2. Structure proteins

    Spike protein (S protein): The surface spike glycoprotein is consisting of three S1-S2 heterodimers. The receptor binding domain (RBD) locates on the head of S1 and binds with the cellular receptor angiotensin-converting enzyme 2 (ACE2), initiating the membrane fusion of the virus and host cell. The structure of spike RBD of SARS-CoV-2 in complex with human ACE2 was released by Wang and Zhang’s group in Tsinghua University with PDB code of 6M0J (14). The full length structure of spike protein was also determined by using the electron microscopy method. It is shown that the spike protein forms trimer and presents two differential conformations: open state and close state (15). Thus for spike protein, we provided the RBD domain from 6M0J, the open state of trimer from 6VYB, the close state of trimer from 6ZGE for peptide or antibody docking.
    The structural changes on the S protein mutants are pivotal in understanding the molecular basis for the immune evasion of SARS-CoV-2 variants. The S protein structures of different variants including Alpha, Beta, Gamma, Delta, Epsilon and Omicron are provided for peptide or antibody docking.

    S2 of S protein: It is the post-fusion state of S2 segment of spike protein, acting as viral fusion protein to mediate the membrane fusion of virus and cells. Typical HR1/HR2 6-helices complex were formed as post-fusion state of SARS-CoV-2, similar to the fusion step of HIV-1 virus. It is a potential target for entry inhibitor development. The 6-helices post fusion conformation of S2 was downloaded from the PDB database with the code of 7COT. A trimer structure was prepared by deleting HR2 peptides from the 6-helices structure and used as receptor for peptide or antibody docking.

    N-terminal domain (NTD) of S protein: New researches suggest that the NTD is a dominant epitope for antibody binding. The structures of wild type (pdb code: 7B62) and Kappa variant NTD (pdb code:7SOD) are provided for peptide or antibody docking (16).

    Envelop small membrane protein (E protein): It forms pentamer and functions as ion channel, also named as E channel. The modeled structure of E protein was downloaded from the Zhang’s lab and prepared for peptide or antibody docking (2).

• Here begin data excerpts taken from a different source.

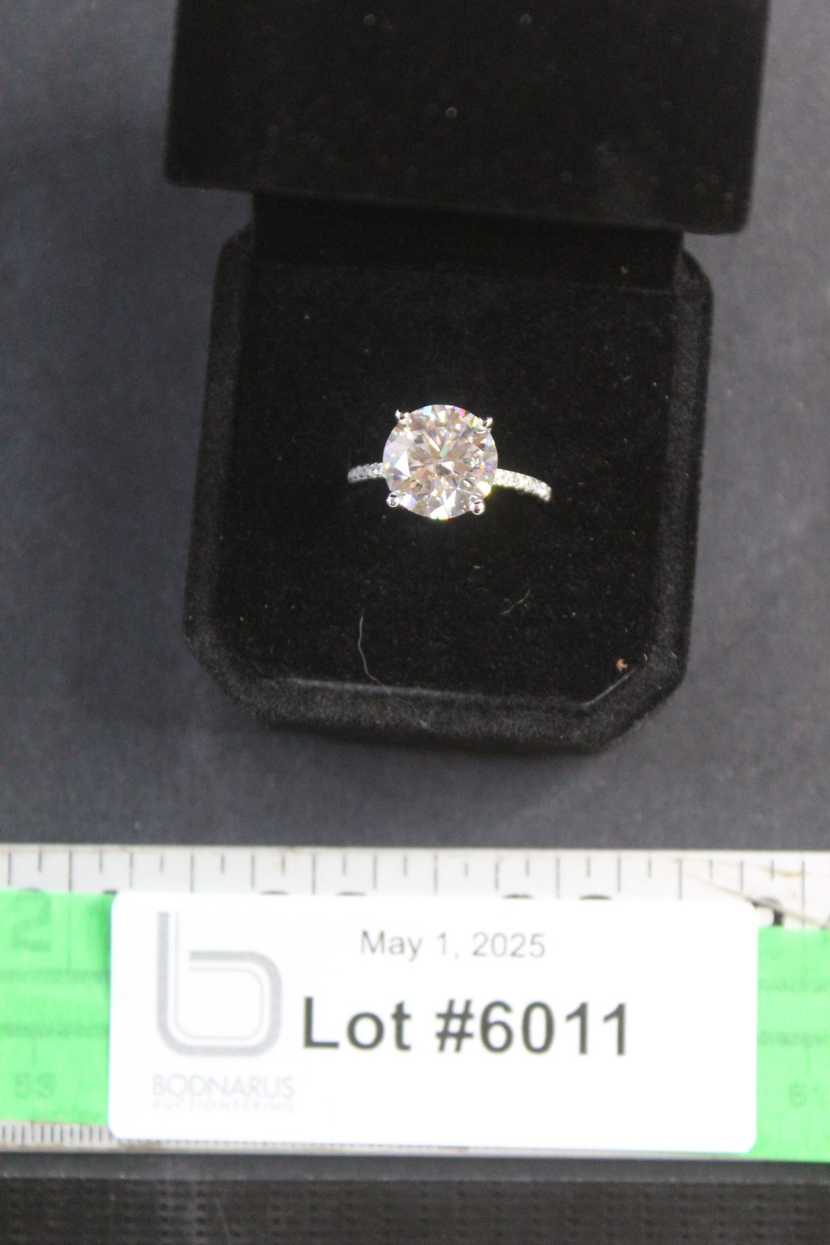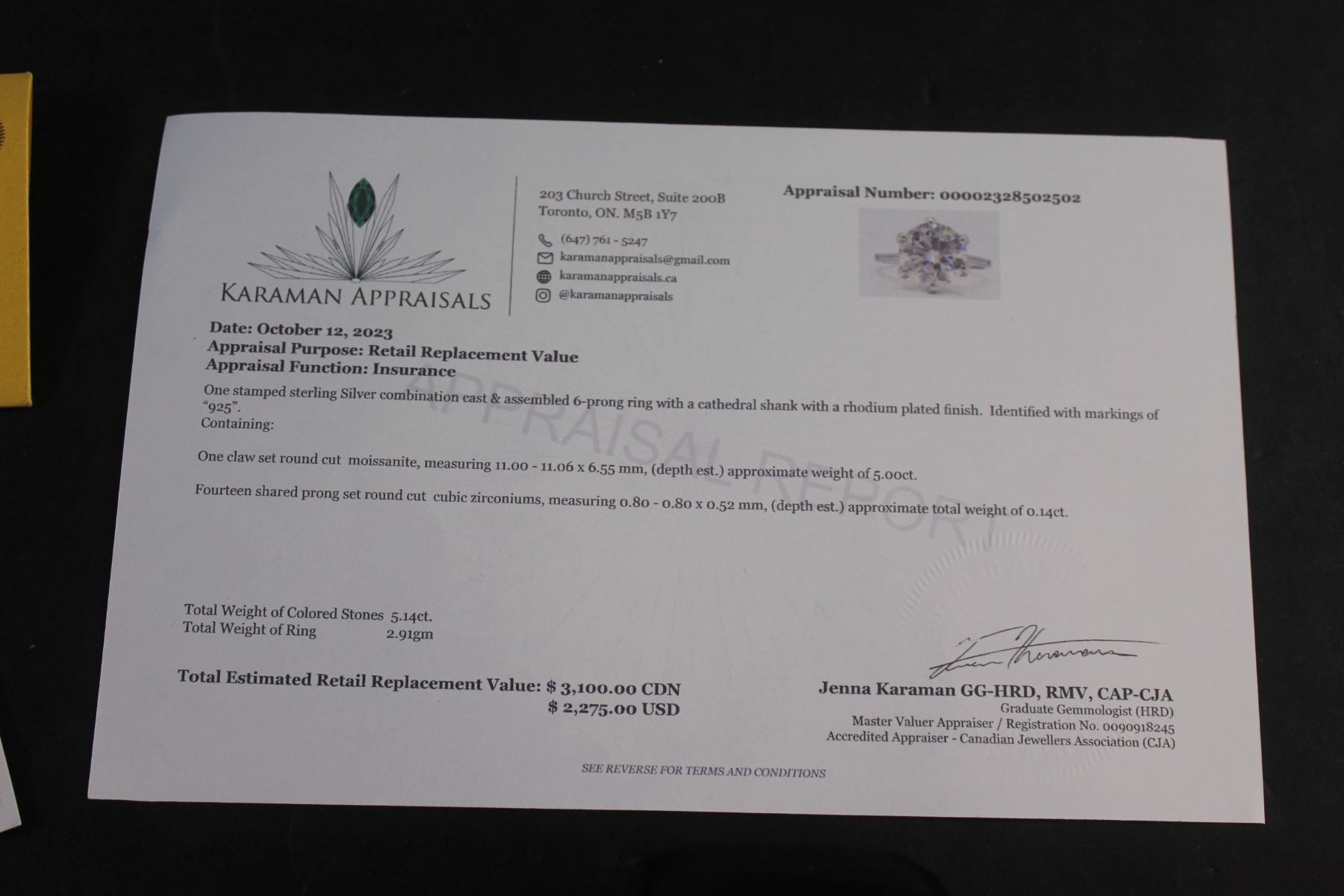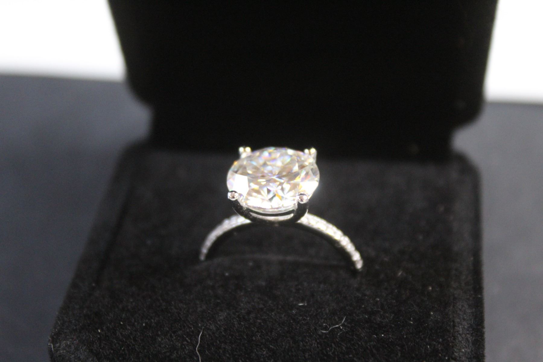 5.00 CT GRA CERTIFIED ROUND BRILLIANT CUT MOISSANITE STONE VVS D COLOR SET IN CENTER AND WITH 14 ROUND BRILLIANT CUT CUBIC ZIRCONIA SET IN SHANKS AND SET IN 925 SILVER RING SIZE 7.5 RETAIL VALUE $3100
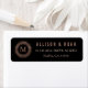 Schöne, elegante schwarze Rücksendeadressen-Aufkleber verfügen über Ihren Single initiale Monogramm umrahmt von einer aufwändigen Rose Gold mandala Design. HINWEIS: Rose Gold ist ein gedruckter Digitaleffekt, nicht Goldfolie.
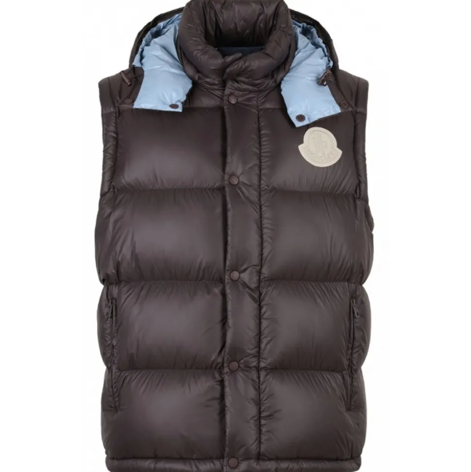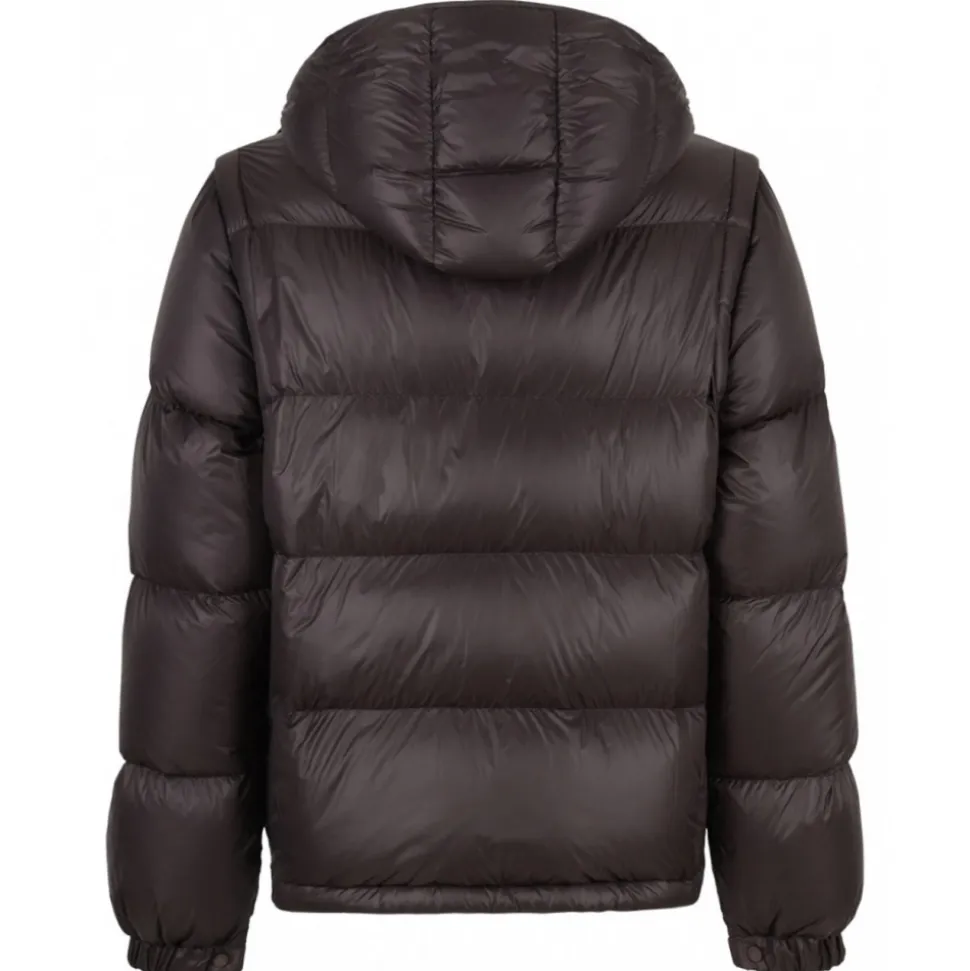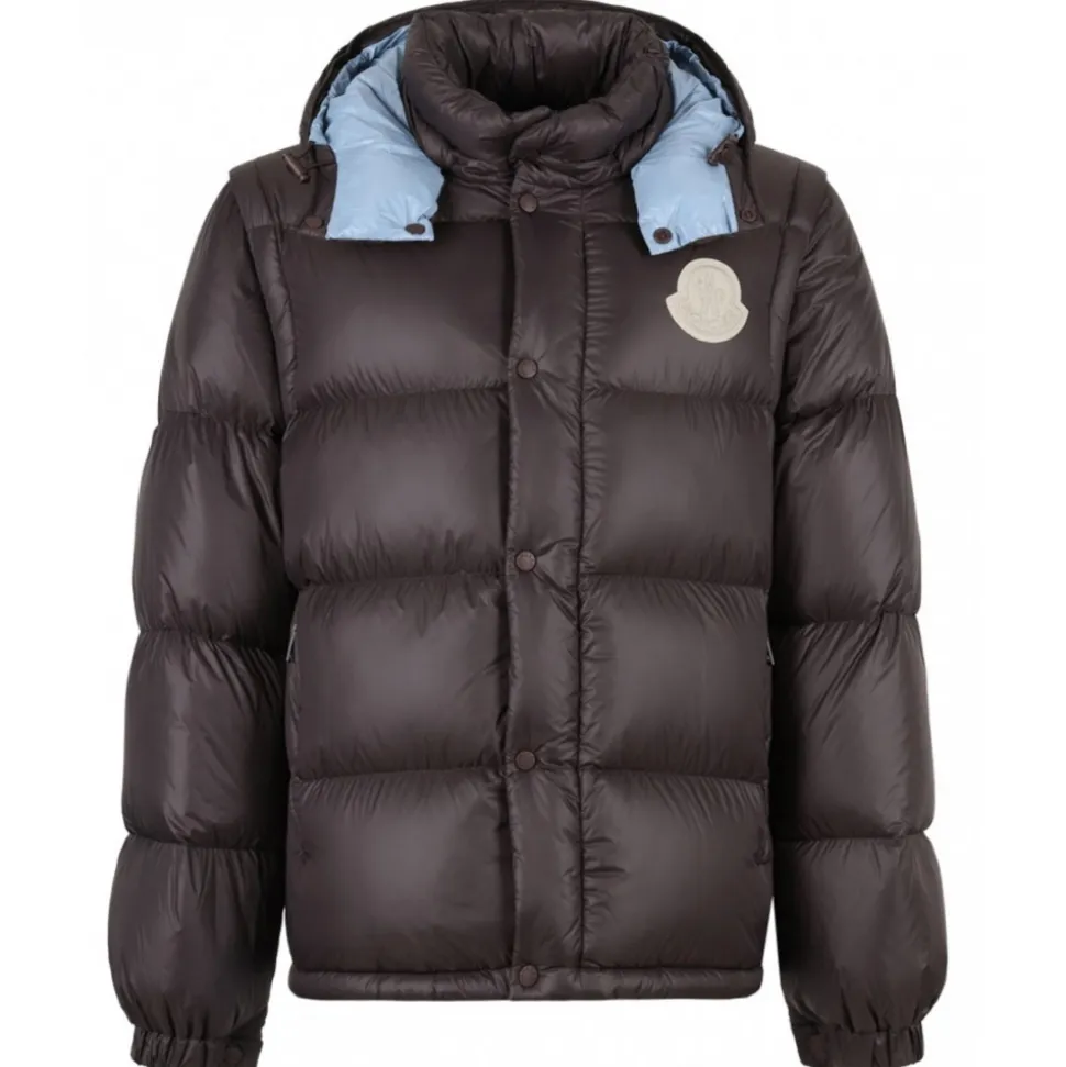 Moncler Brown Cyclone Padded Jacket. Brown texture finish jacket, padded design, goose down blend. Quilted, detachable hood, detachable sleeves, elasticated cuffs. Applique logo, two side zip fastening pockets, straight hem, front press stud fastening, concealed front zip fastening.

    Membrane protein (M protein): The M protein involves in most of protein-protein interactions required for assembly of coronaviruses and it is also determined as a protective antigen in humoral responses (17). The structure of M protein (pdb code: 8CTK) is prepared for peptide or antibody docking (18).

    Nucleocapsid protein (N protein): N protein plays multiple roles in the virus replication cycle and forms a ribonucleo protein complex with the viral RNA through the N protein's N-terminal domain (N-NTD). It buds the viral genomes into the membrane of the endoplasmic reticulum-Golgi intermediate compartment (ERGIC) containing the viral structure proteins to form the mature virions finally (17). Recently, the N-terminal RNA-binding domain, C-terminal dimerization domain, and full length structure of N protein are released in the PDB database. 6YI3 (N-terminal domain), 6YUN (C-terminal domain), and 8FD5 (full length) are prepared and provided for peptide or antibody docking on the server (18,19). The ribonucleotide-binding site (NCB site) of N protein was built based on the complex structure of N protein from Human coronavirus OC43 with the PDB code of 4KXJ with sequence identity of 47.0% and similarity of 62.0%, and prepared as aforementioned for small molecule docking (20).

    Angiotensin-converting enzyme 2 (ACE2): The structure of human ACE2 was extracted from the complex structure of SARS-CoV-2 spike RBD and human ACE2 released by Wang and Zhang’s group in Tsinghua University with PDB code of 6M0J and prepared for peptide or antibody docking (14).